Monday, March 31, 2008

Dog Years, A Short Film

How do you tell a dog’s story?

"Dog Years," a short film written by Richard Penfold and directed by Sam Hearn, features the monologue of a mutt named Ben played over shots of him and his owner on the beach. Captured on one roll of super 8mm film stock, the method in which the film was shot gives it the essence of a nostalgic home movie. The film has charmed audiences at multiple film festivals, and amassed plenty of praise from Internet viewers. Many dog owners recognize Ben's story as that of their own dog.

It's hard not to view dogs as having a voice, even if they can't speak. As a dog person, I'm not embarrassed to admit that I talk to my dogs. Often. Hey, at least they don't talk back, right? That would be a sure sign of crazy. Well... it took my mother speaking responses for them to make me realize that in some way, I do imagine what they might say to me.

Wait. It's not as crazy as it sounds. I promise.
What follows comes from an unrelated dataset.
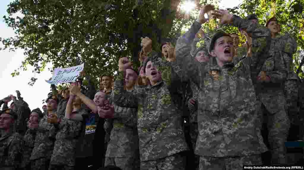 Ліцеїсти 6-ї роти вигукують кричалку: «Доки ми кричати зможем, 6-а рота переможе!»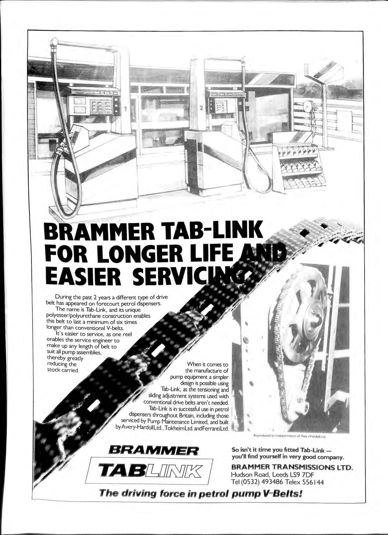 I BRANlNlER So isn't it time you fotted Tab-link _ you'll fund yourself in very good company BRAMMER TRANSMISSIONS LTD. Hudson Road, Lee ds LS9 7DF Te l (0532) 493486 Telex 556144 The driving forGe in petrol pump V=Belts!

Sometimes when I make small remarks to my dogs and my mother is around, she will slip in short doglish responses on their behalf. They usually fit so perfectly with what I imagine my dogs might actually say in response that I don't often stop and realize that I am imagining dogs talking. It takes a slip in her doglish, a slight catch in her dog reading abilities, for me to realize that I know my dogs' personalities so well, I feel as though I could put words in their mouths. So I correct my mother when she misspeaks.

"No, Alfie wouldn't say that. He's much too dignified."

"Butter wouldn't complain about that. Give her a bed and she's happy."

My dog-speak stems from my knowledge of my dogs' personalities, but anthropomorphizing dogs and letting them tell their story can also help strengthen the dog-human bond.

"Dog Years" shows how anthropomorphizing animals carefully, with fairness and benevolence, can help us have compassion and empathy for other species. One of the most poignant moments in the film is when Ben describes what life is like with his human.

The film shows him running through a shallow pool of water toward his owner as he begins, "Today we're spending some quality time together. This makes up for when he's been mysteriously disappearing from home, leaving me to do very little with myself. It's a pretty lonely existence, really. I get depressed and sleep a lot. When not sleeping, I roam about the house from one room to the next, getting my hopes up every time I hear the gate swing."

Try thinking about life from your dog's point of view. What would do you think he would have to say?